In this regard, the Board can confirm that the Company has received irrevocable undertakings from certain of the existing Ordinary Shareholders to, among other things, vote in favour of the Resolutions that are required for the Placing and Open Offer to proceed. The commitments to vote in favour represent greater than 50 per cent. of the voting rights of the Ordinary Shares entitled to vote on such Resolutions. The support and investment of these investors further align the interests of the Company with certain of its existing Ordinary Shareholders.

Each of the Directors intends to take up in full his or her respective entitlements to Open Offer Shares under the Open Offer.

ZDP Rollover Offer

The Company has become aware that there is appetite from certain investors who invest in zero dividend preference shares for the continuance of the 2016 ZDP Shares on terms which the Board believes will be beneficial to the Company.

As a result, the Company is also proposing to issue 2022 ZDP Shares pursuant to the ZDP Rollover Offer and to seek Admission of the 2022 ZDP Shares to trading on the London Stock Exchange’s Specialist Fund Market. Pursuant to the ZDP Rollover Offer, the Company will offer Qualifying ZDP Shareholders the option of: (a) exchanging a proportion of their 2016 ZDP Shares for 2022 ZDP Shares on 1 October 2015; or (b) repayment of the 2016 ZDP Share Final Capital Entitlement in respect of their 2016 ZDP Shares plus a further 3.7 pence per 2016 ZDP Share held to be paid on the 2016 ZDP Share Repayment Date, being 22 June 2016, in accordance with the terms and conditions of the 2016 ZDP Shares; or (c) a combination of (a) and (b) above.

Spruceview Capital Partners

Lastly and separately to the above proposals, the Company is proposing to increase the amount of funding together with John (Jay) W. Jordan II and David W. Zalaznick (or their respective affiliates) in Spruceview Capital Partners. Spruceview Capital Partners is the Company’s recently established asset management business in the United States and aims to address the demand from corporate pension funds, endowments and foundations for fiduciary management through an Outsourced Chief Investment Officer (“OCIO”) model.

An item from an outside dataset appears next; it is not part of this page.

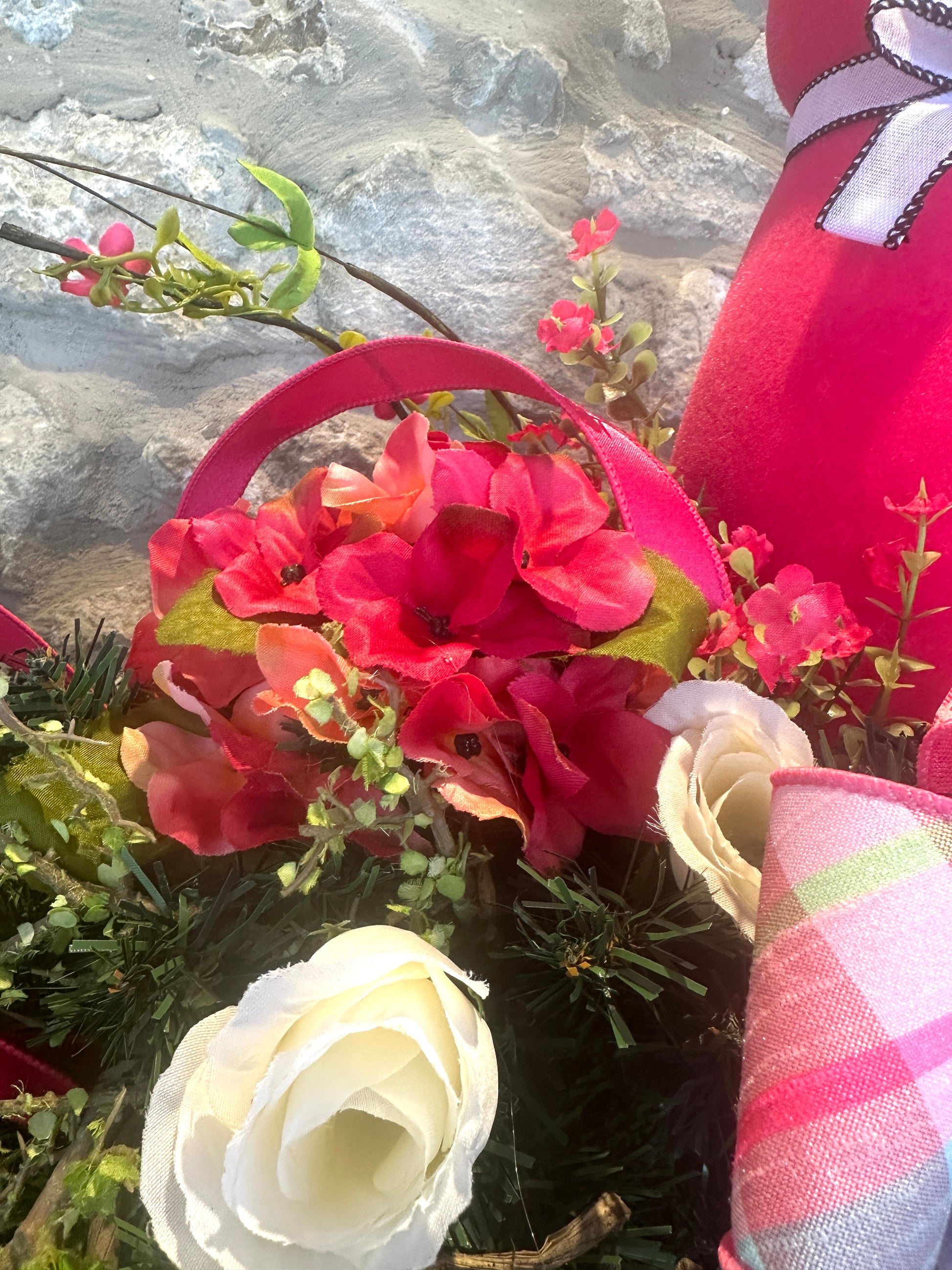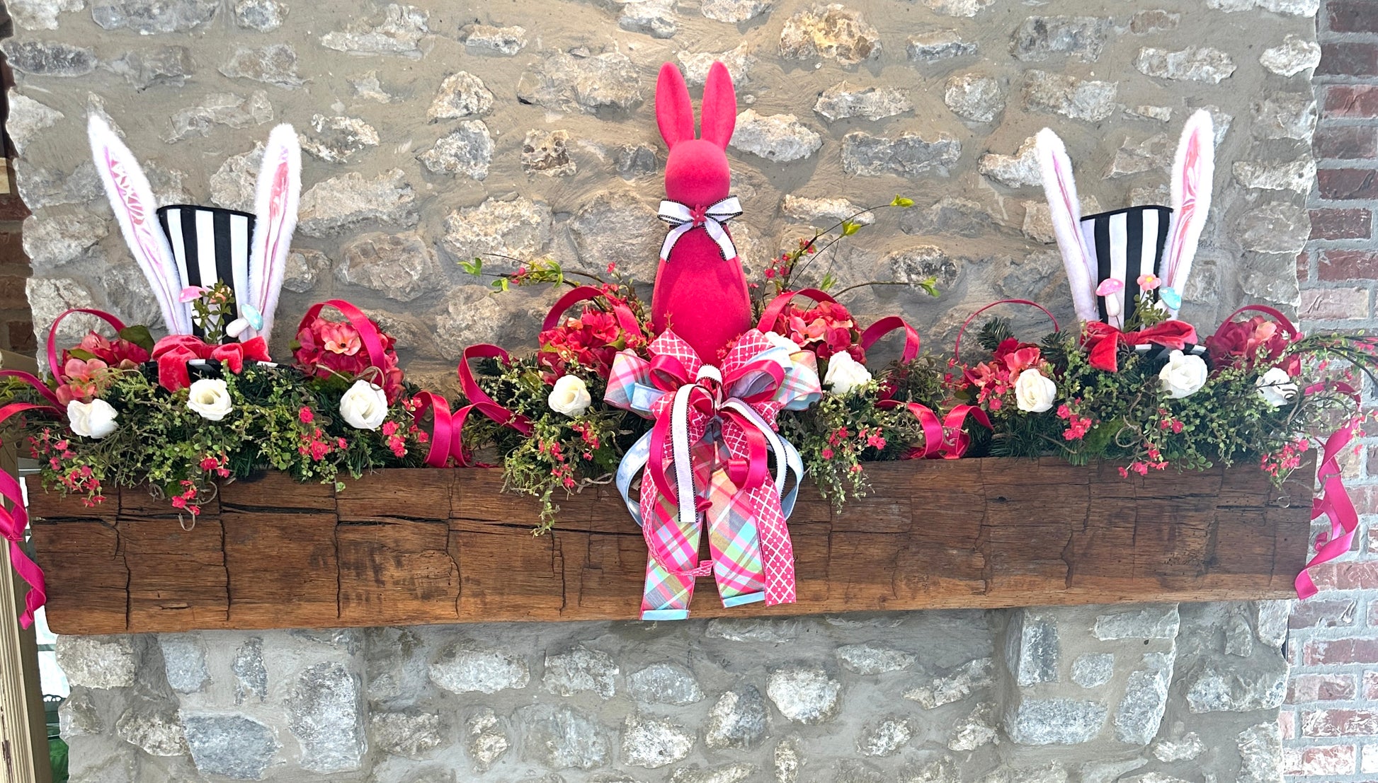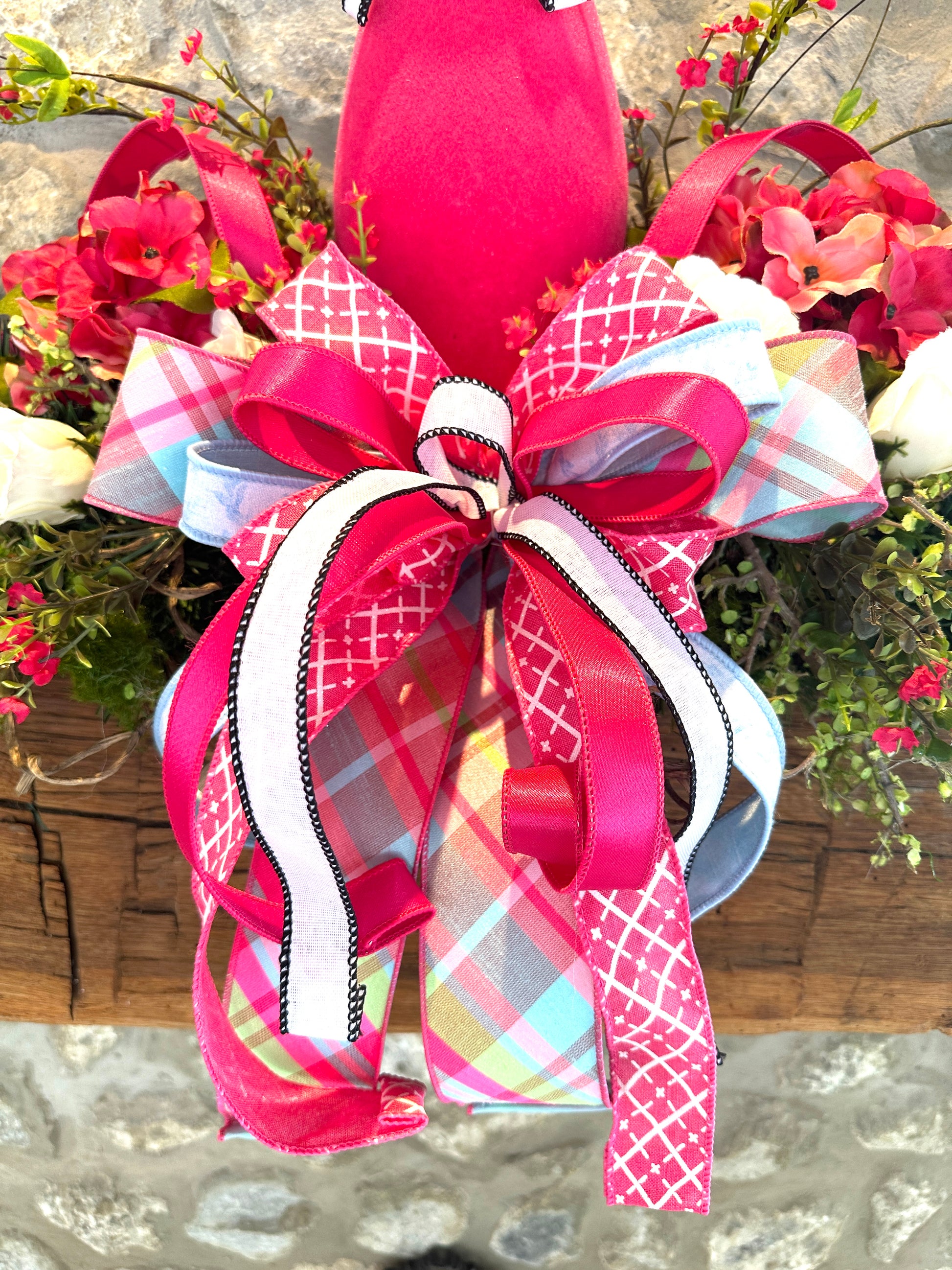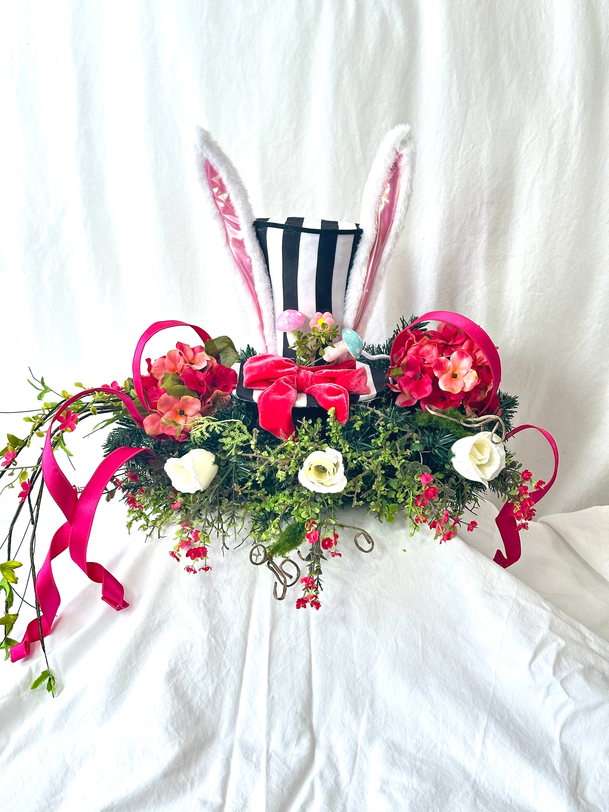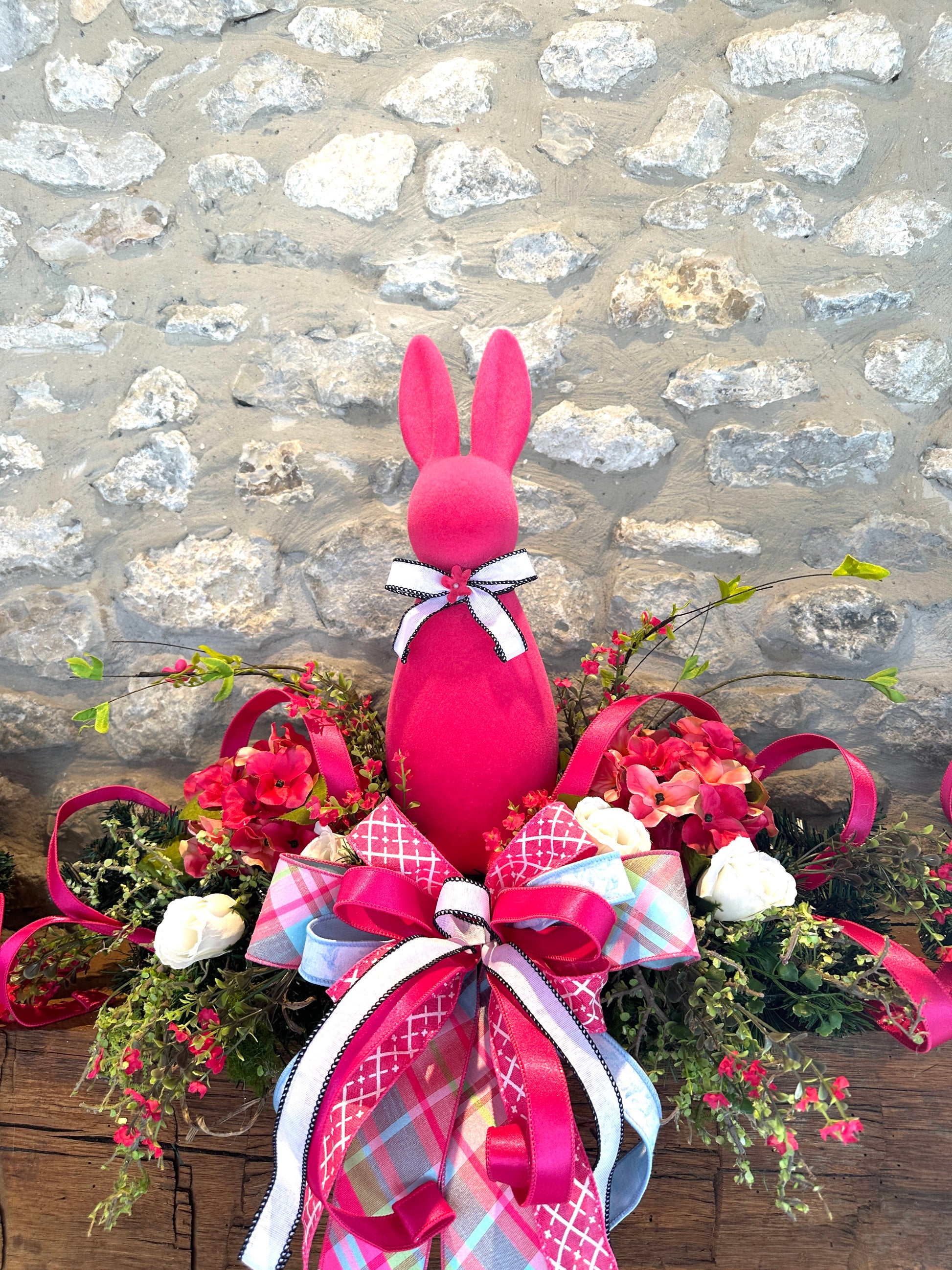 A center focal piece with a tall fuchsia bunny and layered ribbon bow

While the business is a long-term building process, it continues to progress in line with expectations. The initial joint investment of the Company together with John (Jay) W. Jordan II and David W. Zalaznick on a 50:50 basis economically was approved by Ordinary Shareholders in July 2012 on the basis that up to US$30 million in funding would be required, staged over a period of three to five years.

It is now proposed that over the next two to four years a further US$30 million in funding will be jointly invested in equal proportions by the aforementioned parties (being US$15 million contributed by the Company and US$15 million contributed by John (Jay) W. Jordan II and David W. Zalaznick (or their respective affiliates)). The Board believes that the business has built an experienced team and developed an attractive pipeline of potential clients. A further investment will assist in the long-term building of the business and the brand.

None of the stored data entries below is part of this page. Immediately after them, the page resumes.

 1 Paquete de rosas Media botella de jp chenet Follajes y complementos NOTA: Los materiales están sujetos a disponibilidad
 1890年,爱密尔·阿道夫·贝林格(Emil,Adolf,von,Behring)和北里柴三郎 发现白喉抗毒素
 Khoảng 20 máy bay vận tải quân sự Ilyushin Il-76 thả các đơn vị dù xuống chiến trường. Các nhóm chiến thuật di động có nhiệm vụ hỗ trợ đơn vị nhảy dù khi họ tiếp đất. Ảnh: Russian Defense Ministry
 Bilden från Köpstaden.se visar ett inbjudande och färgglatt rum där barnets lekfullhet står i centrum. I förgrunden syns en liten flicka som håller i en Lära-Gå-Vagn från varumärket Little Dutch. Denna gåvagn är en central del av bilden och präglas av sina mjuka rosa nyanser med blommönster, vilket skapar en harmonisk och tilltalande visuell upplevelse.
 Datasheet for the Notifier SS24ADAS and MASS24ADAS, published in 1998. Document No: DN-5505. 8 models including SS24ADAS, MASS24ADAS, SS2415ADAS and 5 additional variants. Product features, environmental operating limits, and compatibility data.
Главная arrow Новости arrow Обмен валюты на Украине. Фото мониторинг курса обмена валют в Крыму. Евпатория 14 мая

Further details of these transactions including the risks specific to the Company and the securities being issued, as appropriate, will be described in the Prospectus and the Circular when published.

Benefits of the proposals

Access to wider deal flow and greater flexibility to fund future investments

Ordinary Shareholders are reminded of the less restrictive nature of the Company’s investment policy following the amendments approved by Ordinary Shareholders earlier this year. The Investment Adviser believes there to be opportunities to acquire high quality companies led by strong management teams at reasonable prices in both the United States and Europe as well as value-added opportunities in the property markets of Brooklyn, New York and Miami, Florida.

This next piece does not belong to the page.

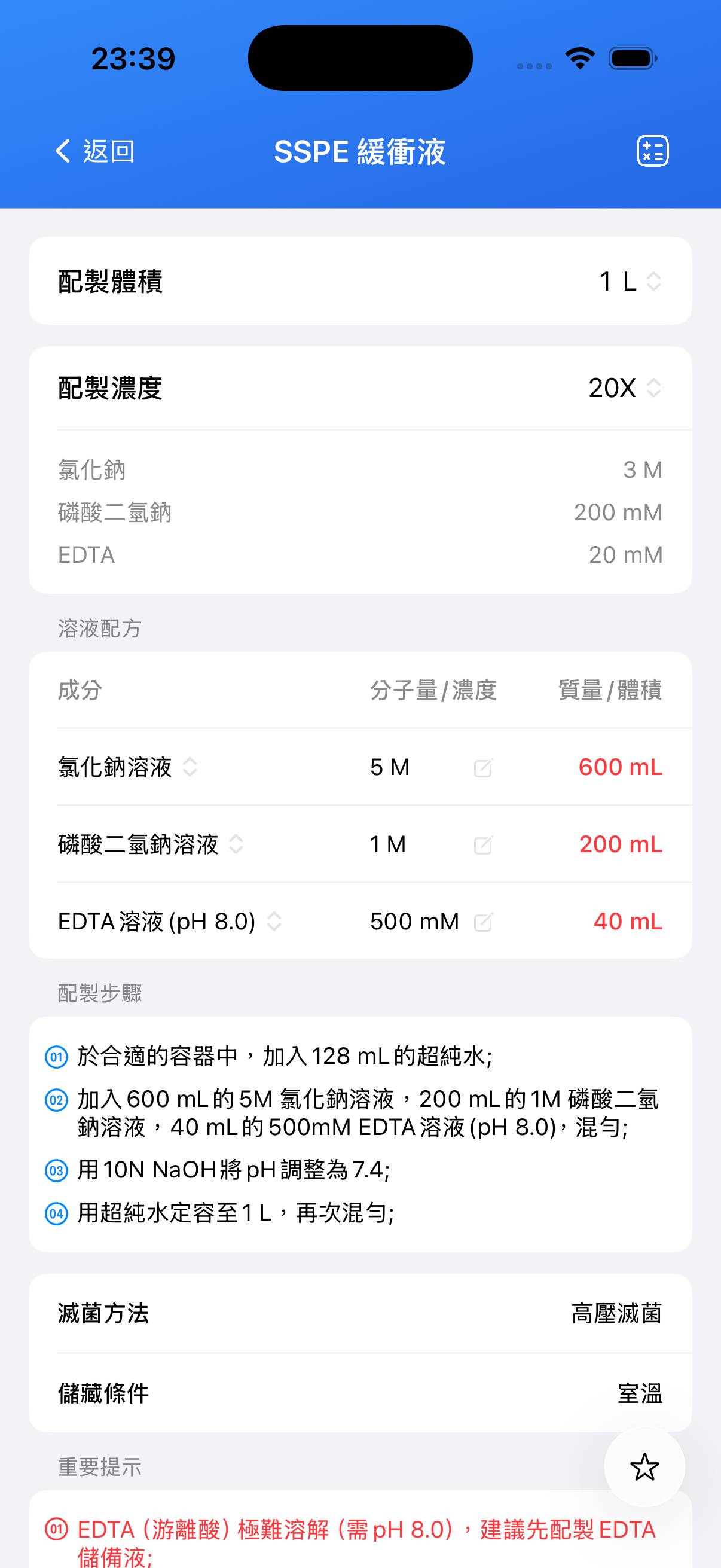 • EDTA(游離酸)極難溶解,建議先配製EDTA儲備液。

This is also evidenced in the €75 million commitment by JZCP to JZI Fund III, L.P. (“Fund III”), announced 2 September 2015. JZAI has raised €237 million in its first round of fundraising for Fund III, the successor fund to the EuroMicrocap Fund 2010, L.P. Fund III will enable JZCP to expand and diversify its investment portfolio in Western Europe. Fund III will invest principally in buyouts and build-ups of companies and in growth company platforms in the microcap market in Western Europe, focusing on businesses generally with enterprise values between €15 million and €150 million, the ability to generate EBITDA of €5 million to €20 million per annum and principal offices and a majority of operating assets or revenues located in or associated with Western Europe.

Increased size and market liquidity

The Board is of the opinion that, although there are several reasons as to why the Company’s shares trade at a persistent discount to NAV, one of these reasons is the lack of size and market liquidity. In the Board’s view, an enlarged Company with increased secondary market liquidity should aid in the gradual reduction of this discount, alongside strong long-term portfolio performance.

Degearing of balance sheet and rebalancing of debt maturity profile

The Placing and Open Offer and the ZDP Rollover Offer will enable the Company to degear its balance sheet and rebalance its debt maturity profile. Gross gearing on NAV will be reduced from approximately 46 per cent. to 33 per cent. if both the Placing and Open Offer and the ZDP Rollover Offer proceed (assuming £50 million of 2016 ZDP Shares are rolled over into 2022 ZDP Shares).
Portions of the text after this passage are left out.